6. public Vector assignInner(Vector x, Vector y,
DoubleDoubleFunction f) {
7. Iterator<Vector.Element> xi = x.iterateNonZero();
8. Vector.Element xe;
9. Vector.Element ye;
10. OrderedIntDoubleMapping updates = newOrderedIntDoubleMapping();
11. while (xi.hasNext()) {
12. xe = xi.next();
13. ye = y.getElement(xe.index());
14. if (!swap) {
15. xe.set(f.apply(xe.get(), ye.get()));
16. } else {
17. if (ye.get() != 0.0 || y.isAddConstantTime()) {
18. ye.set(f.apply(ye.get(), xe.get()));
19. } else {
20. updates.set(xe.index(), f.apply(ye.get(), xe.get()));
21. }
22. }
23. }
24. if (swap && !y.isAddConstantTime()) {
25. y.mergeUpdates(updates);
26. }
27. return swap ? y : x;
28. }
29. }
Split this into.
IterateThisLookupThatInplaceUpdate
IterateThatLookupThisInplaceUpdate
IterateThisLookupThatMergeUpdate
IterateThatLookupThisMergeUpdate
Removing the conditionals itself will speedup the operations you see
regression on.
Also note that getElement() is not constant Add time for RASV. In earlier
version we tried at best to set in place. That reduced the extra hashkey
computation. getElement in AbstractVector is really optimized for
DenseVector and it does indicate as the cause of regression you are seeing
in RASV. Another one is the unused new OrderedIntDoubleMapping(). Removing
all these will bring back the loss.
Now the cost for each can be computed as: cost of iteration + cost of
lookup + cost of update (if its not in-place)

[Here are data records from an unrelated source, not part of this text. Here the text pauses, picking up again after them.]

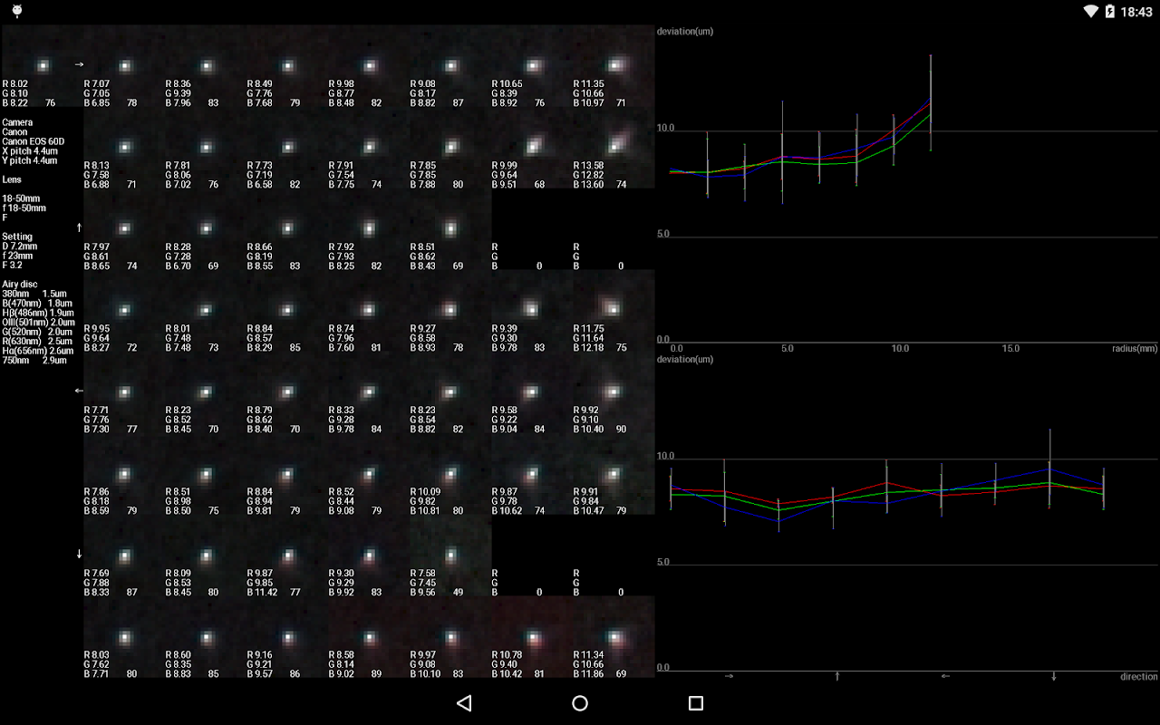 このアプリは写真の中央から周辺までのピント状態を平均画像とグラフで確認することが出来ます。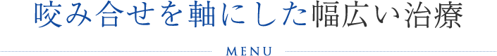 咬み合せは全歯科治療の根幹です。咬み合せが正常に整っていないと、虫歯は再発、詰め物等は破損または虫歯になり、インプラント体・入れ歯は脱落、痛み、顎関節症の発症の原因に繋がってしまいます。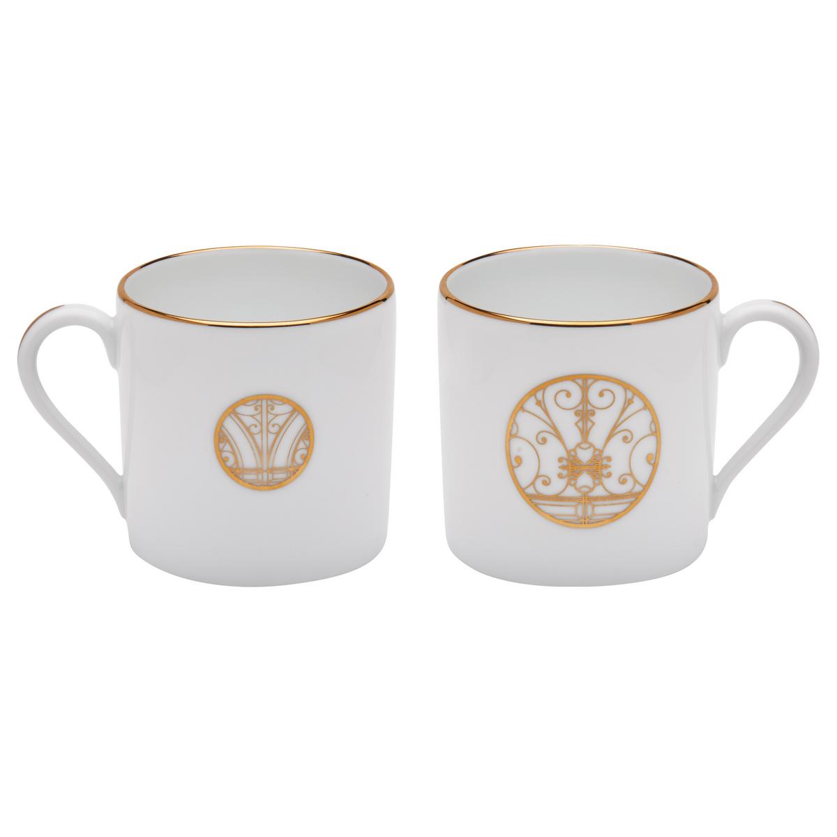 Mit den Mini-Henkelbechern aus Limoges-Porzellan schuf Haviland die perfekten Tassen, um ein köstliches Mahl mit einem Kaffee oder Espresso zu krönen. Jede Tasse ist an Vorder- und Rückseite mit zwei unterschiedlichen kreisförmigen Dekoren verziert. Diese Rosetten sind in Gold oder Platin eingerahmt und zeigen Vergrößerungen bekannter Designs der Porzellanmanufaktur Haviland.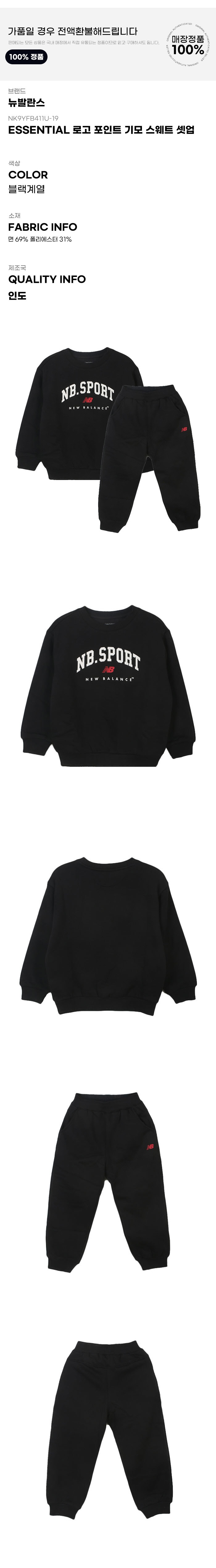 (현대Hmall)뉴발란스키즈트레이닝세트 PQC NK9YFB411U-19 ESSENTIAL 로고 포인트 기모 스웨트 셋업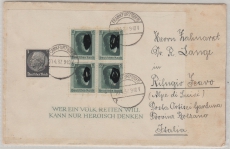 III. Reich, 1937, Mi.- Nr.: Bl. 7 u.a. in MiF auf Auslandsbrief von FF/O nach Rifugio Icaro (It.)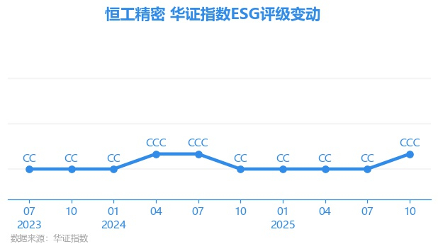 日前,华证指数公布了新一期(2025年10月31日)的ESG评级结果,恒工精密(301261.SZ)获得CCC评级(华证指数评级为C起至AAA九档,C为最低档,AAA为其最高一级评级/AA为其第二档),上一期(2025年7月31日)ESG评级为CC。本期ESG评级在492家机械制造行业A股上市公司中排名第349(上一期排名第413)。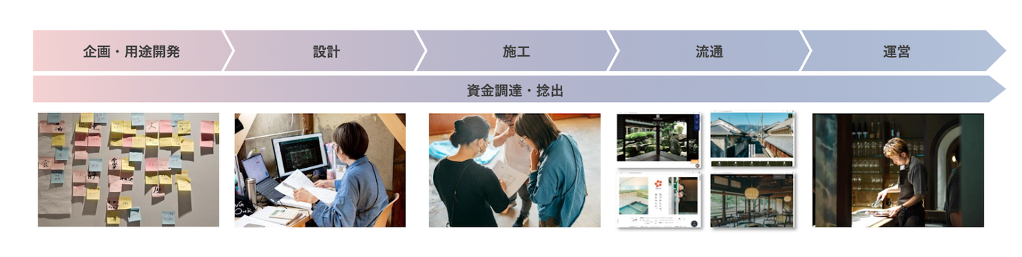 私たちが行っていることはただの建物再生ではありません。 設計、資金調達、運営に至るまで。 すべてのプロセスを一貫して担うことで、地域に根ざした新たな経済循環を生み出してきました。地域企業や金融機関と一体となって、持続可能な観光地域経営を具現化してきました。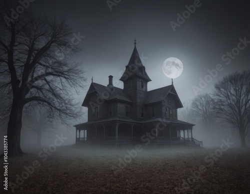 Una casa inquietante emerge dalla nebbia tra gli alberi, con finestre scure che sembrano seguire ogni movimento.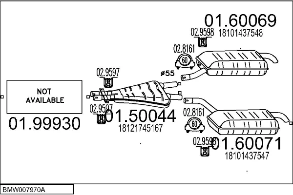 BMW 7 (E38) 735 i, iL - Výfukový systém - kompletní od 3/1996 do 8/1998, 3498 ccm, 173 kW, 235 hp, M62 B35 (358S1), limuzína

See the attached file for a mock test. You will have to rework the
expectations but the framework should be understandable.
------
Robin Anil
On Tue, Apr 23, 2013 at 4:09 AM, Dan Filimon <[email protected]>wrote:
> Here's [1] a link to the "design document" of the new vector operations so
> I can lay out the ideas behind what I'm doing more clearly.
>
> I'd like anyone who can to have a look and comment.
>
> Ted,
> I know you'd like me to get back to working on clustering, but currently,
> BallKMeans is roughly 2x as slow as Mahout's KMeans.
> This is because of centroid.update() for one (it doesn't have
> "interesting" properties that are exploited in the current) and also
> because we're using we're just doing lots of Vector operations: dot
> products for projections, hash codes for unique sets of candidates,
> equality checks etc.
>
> Here's a snapshot of the hotspots for one run of BallKMeans (20
> newsgroups, unprojected, i.e 20K sparse vectors with 200K dimensions and
> ~100 nonzero values):
> Name Time (ms) org.apache.mahout.math.AbstractVector.dot(Vector) 104069
> org.apache.mahout.math.DelegatingVector.hashCode() 30159
> org.apache.mahout.math.AbstractVector.assignIterateBoth(Iterator,
> Iterator, DoubleDoubleFunction) 13720
> org.apache.mahout.math.OrderedIntDoubleMapping.merge(OrderedIntDoubleMapping)
> 2911 java.lang.ClassLoader.loadClass(String, boolean) 2620
> sun.misc.Launcher$AppClassLoader.loadClass(String,
> boolean) 2620
>
>
> You can see that the most time is spent doing Vector operations. Combined,
> the first three rows account for 91% of the runtime.
>
> Thanks for your help!
>
> PS: Is this reaching dev@?
>
> [1]
> https://docs.google.com/document/d/1g1PjUuvjyh2LBdq2_rKLIcUiDbeOORA1sCJiSsz-JVU/edit#
>
>
> On Tue, Apr 23, 2013 at 7:53 AM, Robin Anil <[email protected]> wrote:
>
>> Few more brain dump ideas
>>
>> For any operation (assign, aggregate) you are trying to do.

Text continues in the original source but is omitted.